# EXERCISE PROMPT
Word for word, the data below must be repeated in full; no picture is to be included.

::: SUPPLIED INFORMATION :::

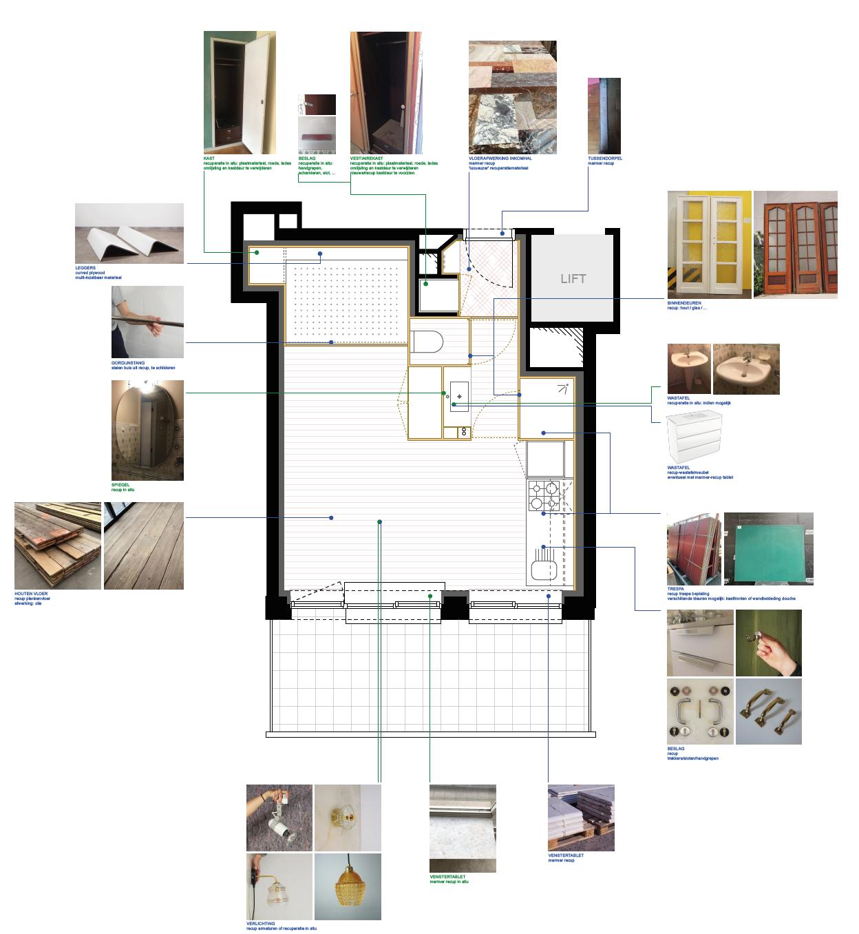 Dit is geen renovatieproject. Dit is een leertraject. Eerder een proces-opdracht dan een opdracht voor het renoveren van 3 studio’s. We (AGSL en ontwerpteam) doen dit niet om een pilootproject te realiseren. Wel om (zelf)vertrouwen te kweken mbt. circulair renoveren. De renovatie van de studio’s is een middel om praktische kennis & hardcore data te verzamelen waarmee de haalbaarheid en wenselijkheid van circulair renoveren wordt getoetst. De doelstelling is om opschaalbare oplossingen en werkwijzen te ontwikkelen die ingang kunnen vinden in de (sociale) woonsector. Circulaire oplossingen zijn geen gimmick. Wel een weloverwogen antwoord.”
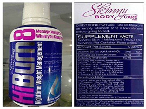 -. Binding : Health and Beauty -. Brand : Dr Skinny -. Color : Pink -. EAN : 0694263712710 -. Feature : Promotes and Improves Healthy Sleep, Sleep Aid, with Melatonin, Chamomile, Ginseng and Calcium / Helps Lose Weight While Sleeping and Controls Appetite, Suppresses Appetite, Boosts and Increases Metabolism, Fat Burner with Collagen and Garcinia Cambogia / Anti-aging, Weight Loss, Better Sleep with NO Fillers, Hormones, Acids and Antibiotics / Aids the Body's Natural Restorative Process, Liver Function, Detox, Improves Digestion, Skin and Makes You Look Younger with Aloe Vera Leaf and Lemon Balm / Promote Lean Muscle Strength and Recovery. Reduces Stress, Relaxes and Supports Connective Tissue with Sensoril and Inositol -. IsAdultProduct : 0 -. Label : Skinny Body Care -. LegalDisclaimer : These statements have not been evaluated by the Food and Drug Administration (FDA). These products are not meant to diagnose' treat or cure any disease or medical condition. Please consult your doctor before starting any exercise or nutritional supplement program or before using these or any product during pregnancy or if you have a serious medical condition. -. Manufacturer : Skinny Body Care -. MPN : HB -. PackageQuantity : 1 -. PartNumber : HB -. ProductGroup : Health and Beauty -. ProductTypeName : HEALTH_PERSONAL_CARE -. Publisher : Skinny Body Care -. Size : 16 oz -. Studio : Skinny Body Care -. Title : HiBurn8 - Lose Weight, Sleep Better, Reduce Stress, Detox, Anti-aging, Boost Immunity - Night Time Natural Weight Loss Supplement, Appetite Suppressant - Collagen, Calcium, Garcinia Cambogia, 16oz -. UPC : 694263712710
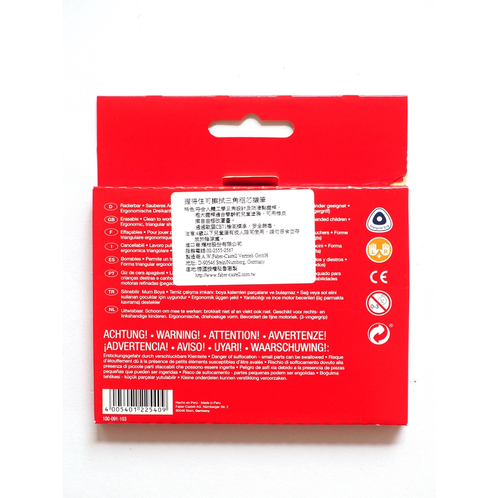 【汶采】輝柏Faber-Castell握得住可擦拭大三角粗芯蠟筆-12色 幼兒畫粉蠟筆 童畫 開學季優惠 122540
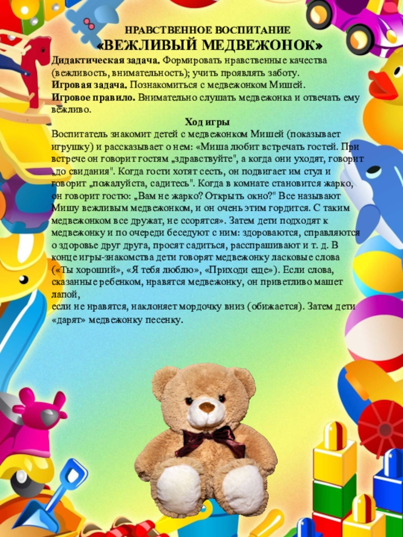 Воспитатель знакомит детей с медвежонком Мишей (показывает игрушку) и рассказывает о нем: «Миша любит встречать гостей. При встрече он говорит гостям „здравствуйте", а когда они уходят, говорит „до свидания". Когда гости хотят сесть, он подвигает им стул и говорит „пожалуйста, садитесь". Когда в комнате становится жарко, он говорит гостю: „Вам не жарко? Открыть окно?" Все называют Мишу вежливым медвежонком, и он очень этим гордится. С таким медвежонком все дружат, не ссорятся». Затем дети подходят к медвежонку и по очереди беседуют с ним: здороваются, справляются о здоровье друг друга, просят садиться, расспрашивают и т. д. В конце игры-знакомства дети говорят медвежонку ласковые слова («Ты хороший», «Я тебя люблю», «Приходи еще»). Если слова, сказанные ребенком, нравятся медвежонку, он приветливо машет лапой,

:::

# SOLUTION FOR THIS PROBLEM
 Dit is geen renovatieproject. Dit is een leertraject. Eerder een proces-opdracht dan een opdracht voor het renoveren van 3 studio’s. We (AGSL en ontwerpteam) doen dit niet om een pilootproject te realiseren. Wel om (zelf)vertrouwen te kweken mbt. circulair renoveren. De renovatie van de studio’s is een middel om praktische kennis & hardcore data te verzamelen waarmee de haalbaarheid en wenselijkheid van circulair renoveren wordt getoetst. De doelstelling is om opschaalbare oplossingen en werkwijzen te ontwikkelen die ingang kunnen vinden in de (sociale) woonsector. Circulaire oplossingen zijn geen gimmick. Wel een weloverwogen antwoord.”
 -. Binding : Health and Beauty -. Brand : Dr Skinny -. Color : Pink -. EAN : 0694263712710 -. Feature : Promotes and Improves Healthy Sleep, Sleep Aid, with Melatonin, Chamomile, Ginseng and Calcium / Helps Lose Weight While Sleeping and Controls Appetite, Suppresses Appetite, Boosts and Increases Metabolism, Fat Burner with Collagen and Garcinia Cambogia / Anti-aging, Weight Loss, Better Sleep with NO Fillers, Hormones, Acids and Antibiotics / Aids the Body's Natural Restorative Process, Liver Function, Detox, Improves Digestion, Skin and Makes You Look Younger with Aloe Vera Leaf and Lemon Balm / Promote Lean Muscle Strength and Recovery. Reduces Stress, Relaxes and Supports Connective Tissue with Sensoril and Inositol -. IsAdultProduct : 0 -. Label : Skinny Body Care -. LegalDisclaimer : These statements have not been evaluated by the Food and Drug Administration (FDA). These products are not meant to diagnose' treat or cure any disease or medical condition. Please consult your doctor before starting any exercise or nutritional supplement program or before using these or any product during pregnancy or if you have a serious medical condition. -. Manufacturer : Skinny Body Care -. MPN : HB -. PackageQuantity : 1 -. PartNumber : HB -. ProductGroup : Health and Beauty -. ProductTypeName : HEALTH_PERSONAL_CARE -. Publisher : Skinny Body Care -. Size : 16 oz -. Studio : Skinny Body Care -. Title : HiBurn8 - Lose Weight, Sleep Better, Reduce Stress, Detox, Anti-aging, Boost Immunity - Night Time Natural Weight Loss Supplement, Appetite Suppressant - Collagen, Calcium, Garcinia Cambogia, 16oz -. UPC : 694263712710
 【汶采】輝柏Faber-Castell握得住可擦拭大三角粗芯蠟筆-12色 幼兒畫粉蠟筆 童畫 開學季優惠 122540
 Воспитатель знакомит детей с медвежонком Мишей (показывает игрушку) и рассказывает о нем: «Миша любит встречать гостей. При встрече он говорит гостям „здравствуйте", а когда они уходят, говорит „до свидания". Когда гости хотят сесть, он подвигает им стул и говорит „пожалуйста, садитесь". Когда в комнате становится жарко, он говорит гостю: „Вам не жарко? Открыть окно?" Все называют Мишу вежливым медвежонком, и он очень этим гордится. С таким медвежонком все дружат, не ссорятся». Затем дети подходят к медвежонку и по очереди беседуют с ним: здороваются, справляются о здоровье друг друга, просят садиться, расспрашивают и т. д. В конце игры-знакомства дети говорят медвежонку ласковые слова («Ты хороший», «Я тебя люблю», «Приходи еще»). Если слова, сказанные ребенком, нравятся медвежонку, он приветливо машет лапой,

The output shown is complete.